Schenkt man den Meinungsumfragen Vertrauen, hat die sogenannte Ampelkoalition (SPD, Grüne, FDP) gute Chancen, den Regierungsauftrag zu erhalten, trotz grundlegend unterschiedlicher Ansichten in der Steuerpolitik. Auch eine Jamaika-Koalition mit CDU/CSU, Grünen und FDP ist eine Option, in der inhaltlich gemeinsame Ansätze vorhanden sind. Die Vorsatzentscheidung der SPD, „progressiv“ und somit ohne die CDU zu regieren, erschwert die Deutschland-Koalition, die mit dem Bündnis aus SPD, CDU und FDP rechnerisch möglich wäre, allerdings unwahrscheinlich erscheint.
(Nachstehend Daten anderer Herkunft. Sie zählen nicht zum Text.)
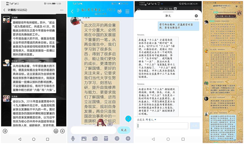本次学习的“两会”精神主要内容有审议《2020年政府工作报告》和《国民经济和社会发展“十三五”规划纲要》,政府将对外公布今年的工作目标、政策,以及未来五年的经济工作方向。通过认真学习,同学们深入了解了我国国内形式,进一步的理解和认识“两会”传递出的重要思想,此次盛会更加坚定了各族人民的信心和勇气;同学们纷纷表示,在日常生活中也会更加自觉实践两会精神,努力承担自己的社会责任。

Außerdem wäre es schwierig für die CDU, nach zwei Legislaturperioden der „kleine Partner“ der Großen Koalition zu sein. Ein tiefgehender Richtungswechsel in der Bundespolitik wäre eine Koalition der SPD mit Grünen und der Linkspartei. Jedoch bestehen außen- und sicherheitspolitische Meinungsverschiedenheiten als Hindernis für das Mitte-Links-Bündnis.
Jede Stimme zählt, auch die der Migranten!
Der Wahlkampf zwischen den Spitzenkandidaten verschärft sich allmählich. Wahlberechtigte werden mit einer aggressiven Wahlkampagne konfrontiert, die in der deutschen Bundespolitik nicht sehr üblich ist. Aus den Daten des Mikrozensus gehen hervor, dass etwa 7,4 Millionen Wahlberechtigte einen Migrationshintergrund haben (entspricht 12,2% der Wahlberechtigten). Die Anzahl der Wahlberechtigten mit Migrationshintergrund sollte nicht täuschen. Nach einer Studie von Politikwissenschaftler Prof. Arndt Leininger herrscht in der deutschen Politik ein Repräsentationsdefizit von Migranten. Obwohl die Zahl der politisch Aktiven mit ausländischen Wurzeln ansteigt, sind diese weiterhin in Parteien und Parlamenten unterrepräsentiert. Außerdem ist es wichtig, dass sie nicht nur auf sogenannte Migrantenthemen reduziert werden. Bürger mit Migrationshintergrund möchten als Gleichberechtigte mitwirken, sowohl in der Wirtschaft, Bildungs- und Sozialpolitik als auch in der Europa-, Außen- und Sicherheitspolitik der Bundesrepublik. Tatsächlich möchten sich mehr Migranten in der Politik engagieren, sehen aber aufgrund der Hürden keine Aufstiegschancen. Vor allem in Zeiten, in denen die Gesellschaft tief gespalten ist und sich die Stimmen auf unterschiedliche Parteien verteilen, gewinnen die Migrantenstimmen besondere Bedeutung. Die Ungebundenheit der Migranten und ihre Neigung, sich in der ‚politischen Mitte‘ zu engagieren, kann dazu führen, dass sie durch Zusammenstellung von pragmatischen Politikzielen als Wählerschaft gewonnen werden. Immerhin sind sie in vielen Wahlkreisen das Zünglein an der Waage.